Abstract

SiAlON ceramics are important materials for applications under high mechanical and thermal stress such as cutting tools or engine components. These solid solutions offer a wide variety of microstructures and properties depending on composition and sintering parameters. As observed in most ceramics, also for SiAlON, the effect of subcritical crack growth has to be expected. However, preliminary tests on this material have shown very little subcritical crack growth, whereby the determination of the crack growth exponent n causes difficulties. This work presents a new method to obtain statistically more significant results.
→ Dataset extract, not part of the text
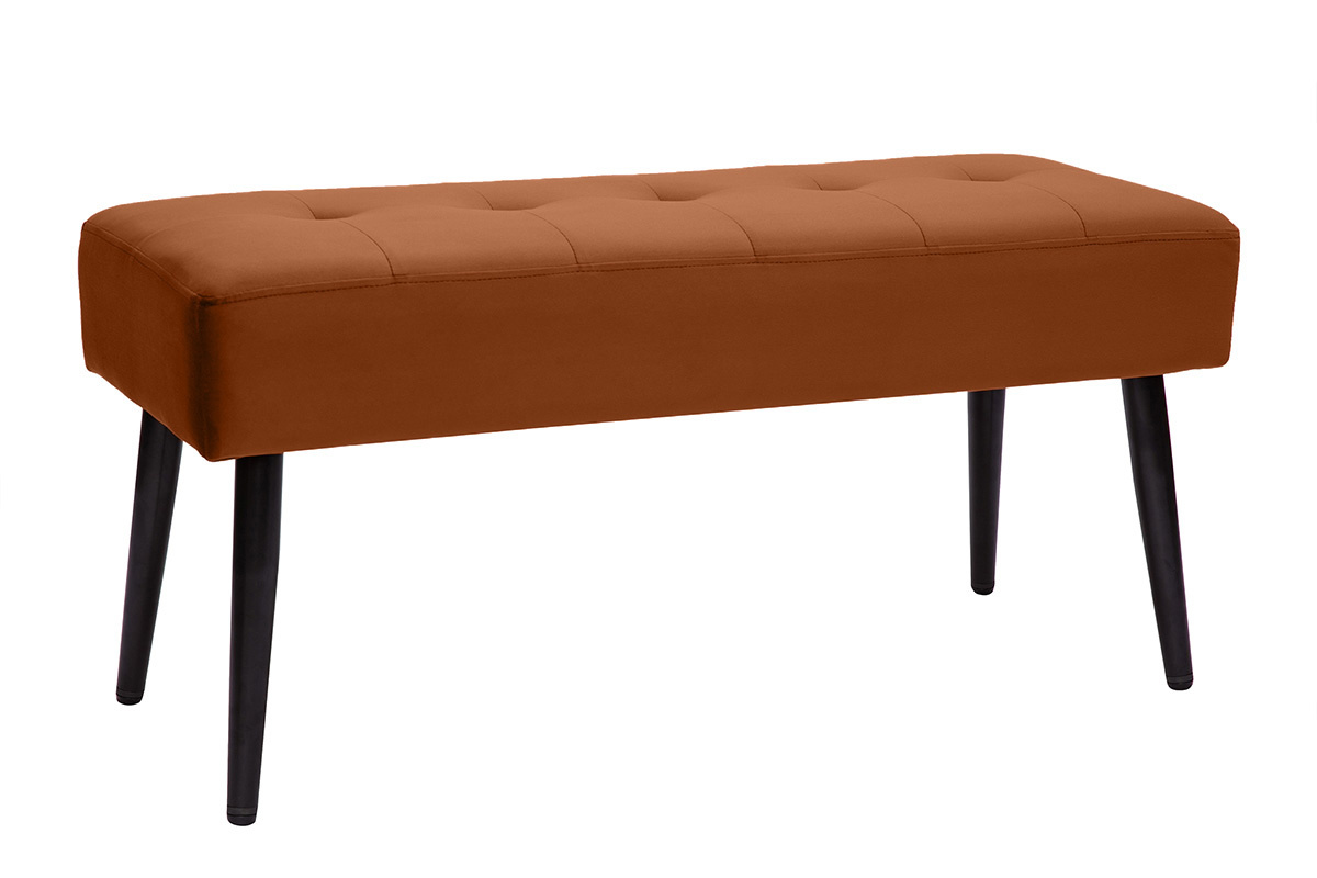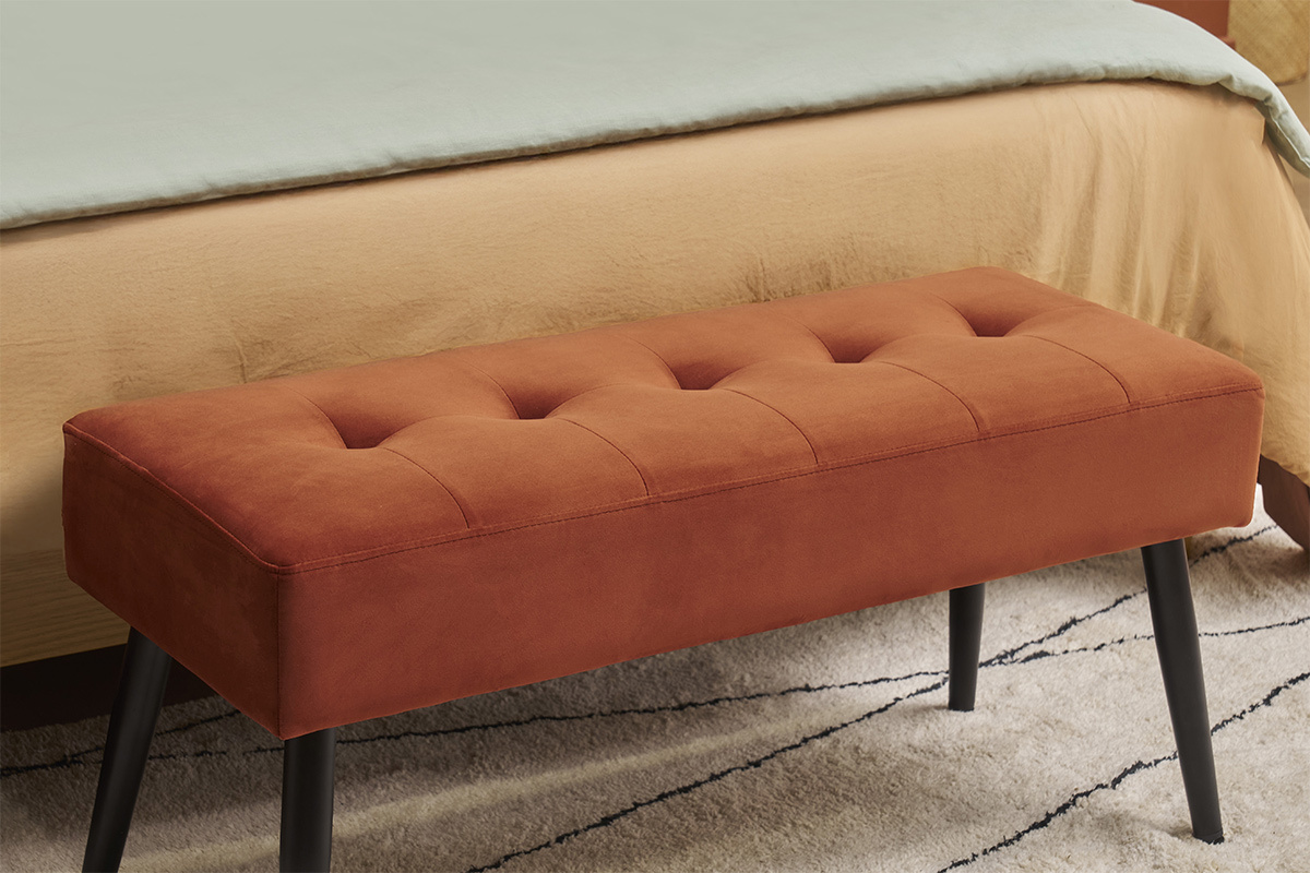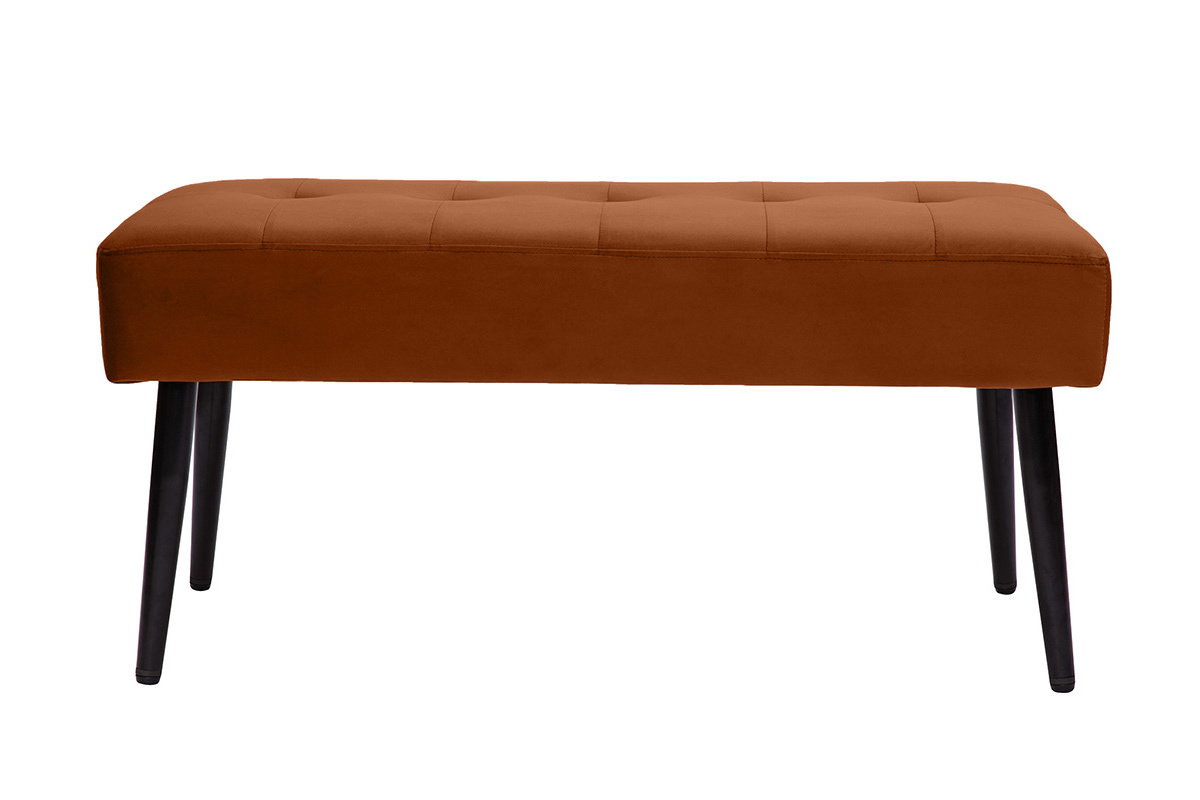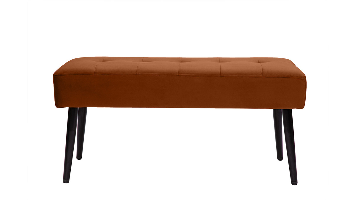 Ce banc se distingue par son velours d'une grande douceur, son coloris intense ainsi que son capitonnage... Chicissime ! La confortable assise est dotée d'un épais rembourrage en mousse polyuréthane (densité 25 kg/m3). Avec son style délicieusement fifties, le piètement fuselé en métal noir apporte beaucoup de légèreté.

SiAlON ceramics can be derived from both alpha- and beta-silicon nitride modifications by substituting silicon by aluminium and nitrogen by oxygen. The possibility to stabilize two crystal structures offers the opportunity to design materials ranging from pure alpha-, mixed alpha/beta-, up to pure beta-SiAlONs. In general, alpha-SiAlONs are in the form of equiaxed grains with high hardness and good wear resistance, but low fracture toughness, whereas beta-SiAlONs have elongated grains with high fracture toughness, but relatively low hardness. To combine the advantages of both SiAlONs, alpha/beta-SiAlON composites have been developed over the past years by different mechanisms including the choice of starting powders, sintering parameters and the amount of additives. Sintering additives are necessary because SiAlONs are densified by a liquid phase sintering process like silicon nitride materials.